The defendant California Almond Growers Exchange filed a statement of account with its answer. After taking extensive testimony the trial court adopted said statement attached to the answer as its statement of account resulting from the accounting taken by the court.
The defendant Exchange was organized in 1910 as a nonprofit, nonstock corporation. The plaintiff's assignor, the Associated Almond Growers of Paso Robles, became a member for a four-year period in 1924, and upon the expiration of its original term joined for another four-year period. In accordance with provisions of the by-laws of the Exchange, it terminated its membership at the end of the second four-year term of membership on April 1, 1932. About that time a large number of other growers also withdrew. Grower members agreed to deliver their entire crop to the Exchange for marketing. The Exchange deducted the expenses incident to marketing and to maintenance of its plant, and remitted the net proceeds to the grower members after making certain further deductions for reserves, which will be more fully discussed hereafter.
The first contention of plaintiff is that the Exchange has never rendered to growers a complete accounting. The trial court sustained the contention of the Exchange that the statement of account filed by it with the answer was a complete account. Nuts delivered by growers are placed in pools according to variety, the nuts of each grower being mingled with nuts of other growers of the same variety. Before withdrawal of plaintiff's assignor the Exchange had inaugurated a system of further subdividing the pools by grading of varieties. The sales prices received by the Exchange from purchasers of nuts of the same variety and grade will vary, depending not only on market fluctuations, but on factors such as whether the nuts are sold shelled or unshelled, on the type of container in which they are sold, and on the freight paid where the Exchange rather than the customer pays the costs of transportation.
Direct pool expenses incurred on behalf of nuts in a particular pool, such as freight and bags, boxes and other containers, are charged to that pool, with the result that each grower who has nuts in said pool bears such charges in proportion to the tonnage contributed by him to the pool. General expenses incident to maintenance of the Exchange plant, and the conduct of its operations on behalf of growers, are charged to the entire crop, each ton of nuts delivered bearing the same charge as every other ton, without regard to the particular pool in which the nuts may be.
Annual pool closing statements are rendered to growers. Said statements indicate as to each pool a net price per pound to be paid by the Exchange to the grower for all nuts in the pool. The price which each grower will receive, as indicated on his pool closing statement, is computed by multiplying the number of pounds contributed by him to the pool by the net price per pound. This figure represents the net proceeds to the grower after his nuts have been charged their proportion of expenses. From this figure certain further deductions are made, a part of which is credited the reserve for fixed assets and reserve for working capital, which will be discussed hereafter. The balance represents the amount actually paid to the grower by the Exchange.

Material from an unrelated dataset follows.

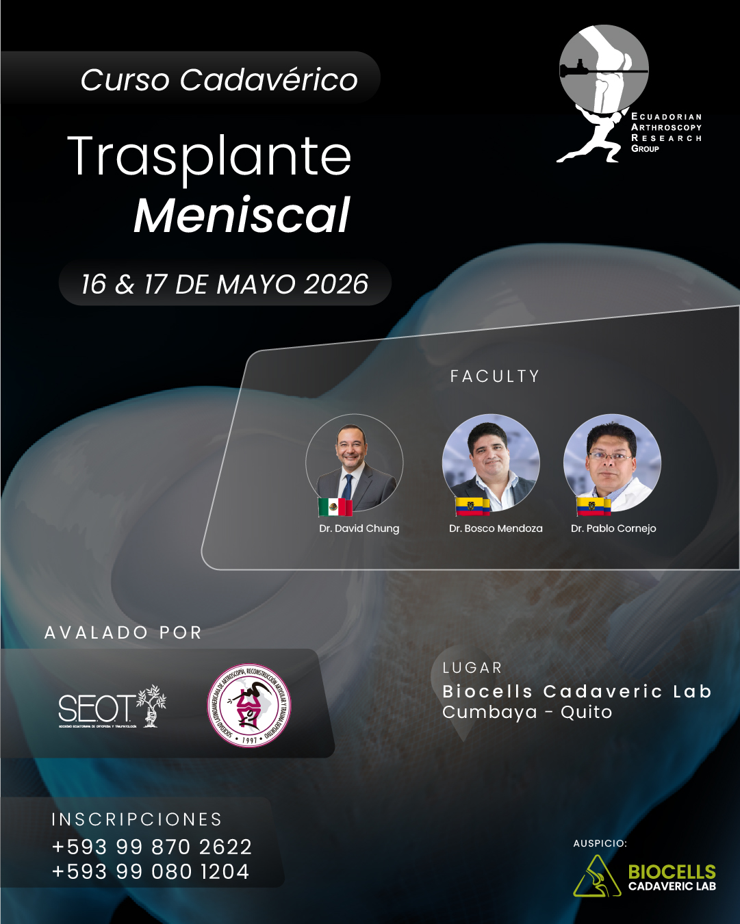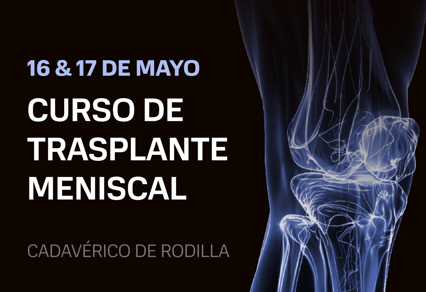 Curso Trasplante Meniscal No te quedes fuera del Curso Trasplante Meniscal, a realizarse del 16 y el 17 de abril de 2026 MÁS INFORMACIÓN E INSCRIPCIONES + Añadir Google Calendar + exportación iCal / Outlook 00 días 00 horas 00 minutos 00 segundos Fecha May 16 - 17 2026 Hora Todo el día Compartir este evento

Plaintiff's objection to these pool closing statements is that they do not indicate the average gross proceeds per pound for nuts in each pool received by the Exchange, or the gross proceeds of all the nuts in any particular pool. They indicate the sum per pound of nuts in each pool which the Exchange will return to the grower as net proceeds, and the total amount which the Exchange will remit to the grower for his poundage in any pool. But a grower cannot ascertain the gross proceeds received by the Exchange for nuts in any pool, nor what proportion or amount of the total gross proceeds received by the Exchange for nuts in a pool is deducted for expenses. He knows the price per pound which the Exchange pays him, but he does not know the average price per pound which the Exchange receives. It informs him of the net price per pound paid him, but does not either inform him of the average gross proceeds per pound, or give him a statement of the gross proceeds of the pool, accompanied by the total pool tonnage, from which he could, by deducting the net proceeds from the gross proceeds, ascertain the expenses incurred in marketing the respective pools in which he has nuts, and the proportion of such expenses borne by the tonnage contributed by him to the pool.
In addition to the pool closing statements, the Exchange delivered annual audit reports to all members until 1930, and furnished a copy of subsequent audits to growers on request. Said audit reports and also the statement of account attached to the answer indicated the gross proceeds received for all nuts of all varieties sold by the Exchange, the total of expenses to be charged to the growers on all nuts, and the total net proceeds to be paid growers by the Exchange. But said statement do not show the total tonnage of each pool, nor the gross proceeds and expenses by pools.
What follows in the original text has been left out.